Single by Black Veil Brides

from the album Wretched and Divine: The Story of the Wild Ones
- Released: October 31, 2012
- Recorded: May–September 2012
- Genre: Heavy metal
- Length: 3:48
- Label: Lava/Universal Republic
- Songwriter: Black Veil Brides

Black Veil Brides singles chronology
| "Rebel Love Song" (2011) | "In the End" (2012) | "Heart of Fire" (2014) |

= In the End (Black Veil Brides song) =

"In the End" is a song by American rock band Black Veil Brides, from their third studio album, Wretched and Divine: The Story of the Wild Ones. The song was released on October 31, 2012, as the first single from Wretched and Divine, and is Black Veil Brides' sixth single. It was released on the same date as the availability for pre-order purchases for the entire album. The song peaked at number 39 on the Billboard Rock Songs chart and remained on the charts for two weeks. "In the End" was featured as a bonus track on the compilation album Now That's What I Call Music! 45. It was also one of the two themes for the 2012 WWE Hell in a Cell pay-per-view event. The song also appears in the video games Guitar Hero Live and NHL 14. The band received Revolver's 2013 Golden Gods Award for Best New Song for "In the End." The song was written after the death of Black Veil Brides' lead vocalist Andy Biersack's grandfather.

== Background ==
The inspiration for this song was the death of Andy Biersack's grandfather. In an interview with Kerrang! magazine Andy Biersack said the following: "I was very close to him.
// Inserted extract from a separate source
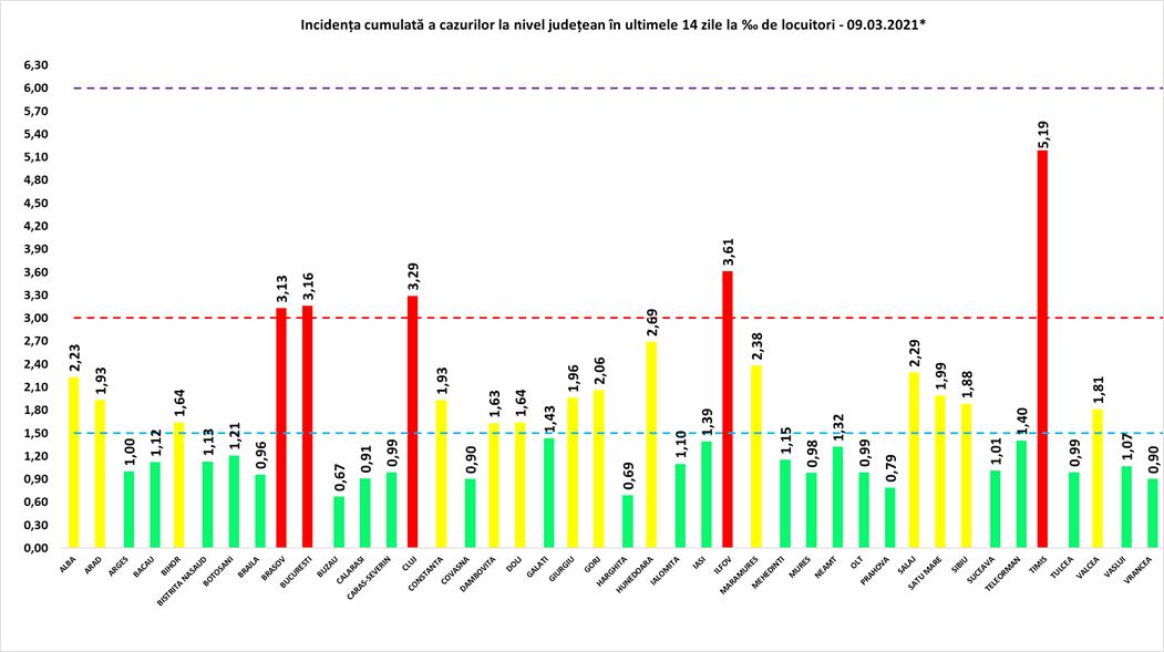 Timiș rămâne marți pe primul loc în topul infectărilor, cu o incidență a cazurilor de COVID-19 la mia de locuitori de 5,19, în ușoară scădere însă față de ziua precedentă când indicele era de 5,43. În zona roșie rămân Ilfov, cu 3,61, Cluj, cu 3,29 în scădere de la 3,39, și Brașov cu 3,13 în scădere față de 3,24.

Every day after school, I would go to his house and talk. (During the funeral) people were talking about my grandfather go into Heaven, and how wonderful person he was. I started to think about what heaven is... I hope I'm wrong, and I hope he is in the clouds, but on a personal level, I was thinking of the importance this person had to all these people at the church. If nothing else, Heaven is a legacy that you leave with the people around you. If there was a place that is Heaven, that's wonderful. But people telling the story of your life after you've lived it, those are the people who create that afterlife you have and continue this legacy."

== Music video ==
Black Veil Brides released a music video for the song through YouTube on December 12, 2012. The music video features the band playing in different places that were used in their feature film, "Legion of the Black". Andy Biersack described the video as "a trailer" to the movie. The band plays on a salt lake bed, a church, and an abandoned oil factory.

== Track listing ==
- CD single

| No. | Title | Length |
|---|---|---|
| 1. | "In the End" | 3:48 |
| 2. | "Heart Of Fire" | 4:21 |
| Total length: |  | 8:09 |

== Personnel ==
- Black Veil Brides
- Andy Biersack – lead vocals
- Jake Pitts – lead guitar
- Jinxx – rhythm guitar, violin, cello, backing vocals
- Ashley Purdy – bass, backing vocals
- Christian "CC" Coma – drums
- Production
- Patrick Fogarty - director

The song was also available on Guitar Hero Live as one of the 200 online launch song titles, along with the song Fallen Angels from the band's second album Set the World on Fire. In addition, a live version of the song from the band's Alive and Burning concert DVD was available in this game as DLC.

==Charts==

===Weekly charts===

Weekly chart performance for "In the End"
| Chart (2012–2013) | Peak position |
|---|---|
| UK Rock & Metal (OCC) | 4 |
| US Hot Rock & Alternative Songs (Billboard) | 39 |
| US Rock Airplay (Billboard) | 35 |

===Year-end charts===

Year-end chart performance for "In the End"
| Chart (2013) | Position |
|---|---|
| US Hot Rock Songs (Billboard) | 82 |

==Certifications==

Certifications for "In the End"
| Region | Certification | Certified units/sales |
| Brazil (Pro-Música Brasil) | Gold | 30,000^{‡} |
| United Kingdom (BPI) | Silver | 200,000^{‡} |
| United States (RIAA) | Platinum | 1,000,000^{‡} |
^{‡} Sales+streaming figures based on certification alone.